I logged into Facebook. I'd quite forgotten that it was Father's Day. I saw the posts that all my friends had put. Some had even posted pics of them with their dads. I had tears in my eyes. I didn't what to do. Dad isn't with my anymore. It's been a long time since he left me. Looking at those posts, I imagined what would dad's reaction be if I'd wish him. I never had a chance to wish him as I was too young to realize when Father's day was and by the time I knew he wasn't with me! I also imagined what he'd look like. Hmmm how I wish he could come back!
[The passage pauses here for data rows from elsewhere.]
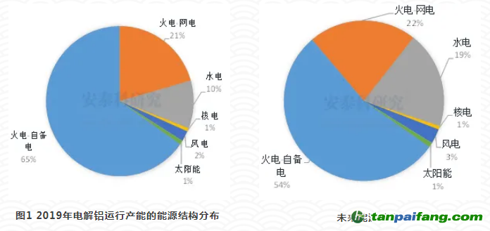 我國電解鋁行業(yè)用電模式分為自備電和網(wǎng)電。2019年底自備電所占比例約為65%,均為火力發(fā)電;網(wǎng)電所占比例約為35%,其中火力發(fā)電約占21%,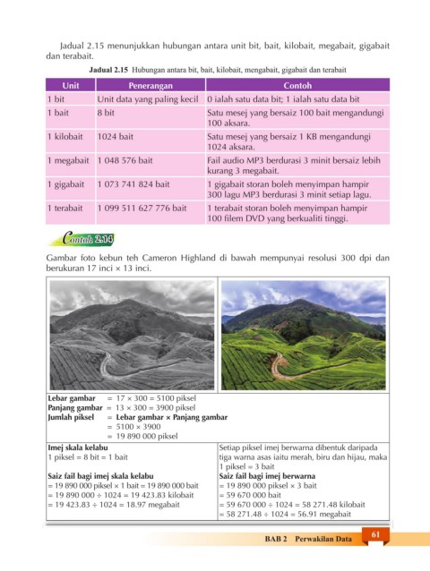 Jadual 2.15 menunjukkan hubungan antara unit bit, bait, kilobait, megabait, gigabait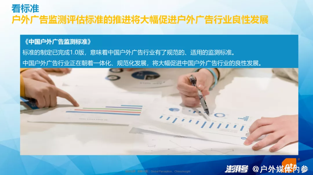 這一標(biāo)準(zhǔn)的發(fā)布,對(duì)戶(hù)外廣告行業(yè)有著歷史性的意義。長(zhǎng)期以來(lái),戶(hù)外廣告的監(jiān)測(cè)一直是短板,因?yàn)槿鄙傧嚓P(guān)的數(shù)據(jù),廣告主無(wú)法保障戶(hù)外媒體投放的權(quán)益和效果。而戶(hù)外廣告公司為了滿(mǎn)足廣告主的需求,也希望找到有效監(jiān)測(cè)和評(píng)估的系統(tǒng)。基于以上情況,《中國(guó)戶(hù)外廣告監(jiān)測(cè)標(biāo)準(zhǔn)1.0》建立科學(xué)、規(guī)范、適用的戶(hù)外廣告監(jiān)測(cè)標(biāo)準(zhǔn),有利于保障廣告主投放權(quán)益,有利于促進(jìn)市場(chǎng)參與方實(shí)現(xiàn)共贏,有利于推動(dòng)和建設(shè)健康的戶(hù)外媒體商業(yè)環(huán)境,有利于實(shí)現(xiàn)戶(hù)外媒體行業(yè)有序、健康、可持續(xù)發(fā)展。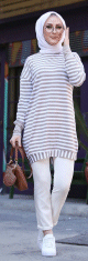 Pull - Tunique longue à rayures (Vêtement moderne femme voilée) - Couleur beige et blanc - REF. 32525 (19.90 €) - En Promotion à 16.90 €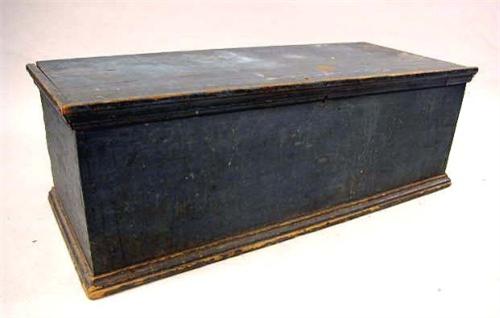 A BLUE-PAINTED POPLAR BLANKET CHEST; Mid-Atlantic States, fitted with a till, losses and repairs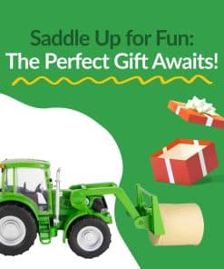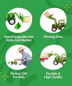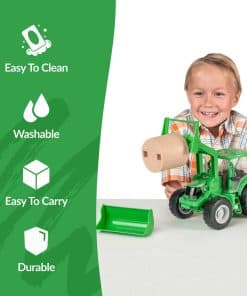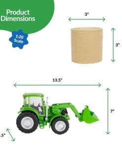 El Tractor y Accesorios se ajustan dentro de la línea completa de juguetes de granja y rodeo en escala 1:20 de Big Country Toys, vehículos, figuras, animales y accesorios. Las características incluyen un enganche trasero para remolcar nuestro Rollo de Paja, brazos delanteros que se mueven hacia arriba y hacia abajo, horquilla de heno y cubo intercambiables, 2 puertas de cabina funcionales y nuestro figurine vaquero cabrá dentro de la cabina (se vende por separado). Incluye 1 paca de heno con agujeros. Hecho de nuestra mezcla patentada de plástico que crea juguetes duraderos y realistas. Tamaño (pulgadas): Tractor – 14″ x 6″ x 6.75″ (L x W x H) Paja – 3″ x 3″. Big Country Toys: Diseñamos, comercializamos y distribuimos una creciente línea de juguetes de granja, rodeo y aventura en escala 1:20, juguetes saltarines de granja y rodeo, y libros para niños basados en la Biblia.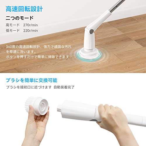 【二つの回転モード&静音設計】この電動掃除ブラシは二つのモードを搭載します。低モードの回転速度220-230r/min高モードの回転速度260-270r/min、低騒音モデルを設計ターボプロの運転音は70 dBです.電動バスポリッシャーの回転スピードは高速で力を入れずに汚れを徹底的に拭き取ります.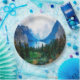 Placas de papel com uma bela fotografia de uma cena agradável e tranquila da natureza. Floresta verde vibrante na frente e montanhas azuis sombrias nas costas. Com um céu branco nublado e sonhador. Mistura e mágica.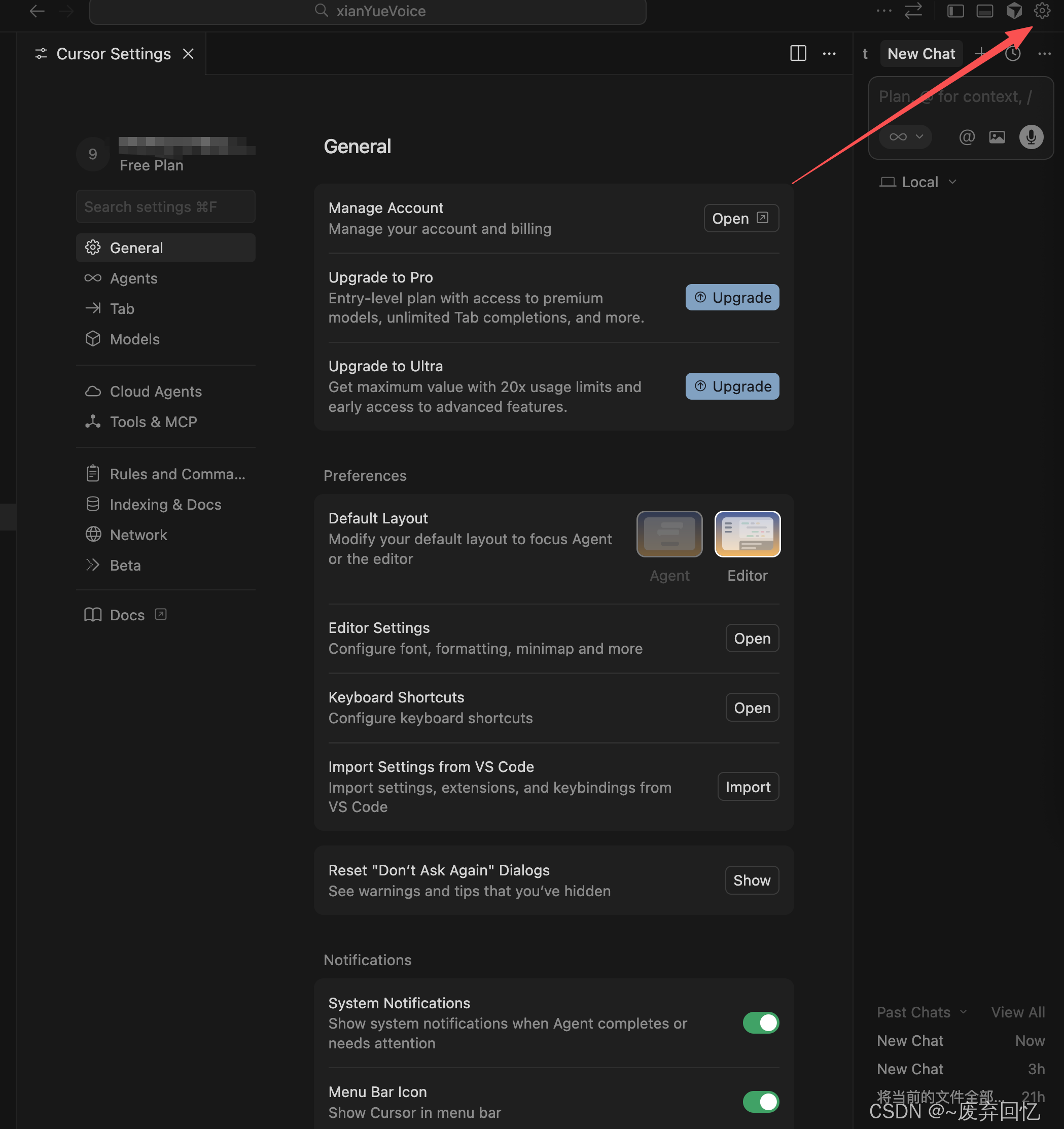 点击右上角的齿轮按钮,或按下快捷键 Ctrl/command+Shift + J,即可打开 Cursor的专属设置面板.

All I'm left with are memories and even they are so few. I never got to fully experience my growing years with him. When everything seemed alright, God just decided that he wanted dad more we did and then took him away. Oh! How I miss him.
Whatever I am today I owe it to him and mum. He was the one who taught me many things in the short span of time he was with me. When I was naughty he would scold me and then the next moment would carry me around and do things that would cheer me up. Why did he have to go away? I still cannot understand!
All I want to say is that I love you, Dad. No matter where you are, I know you are listening and I want you to know that I'm proud of you. Thanks for everything that you've given me. Everything that you've taught me. I know I'm late. But, "Happy Father's day". I miss you!
Lots of hugs and kisses,
Your dear daughter.
P.S.: Please come back if possible!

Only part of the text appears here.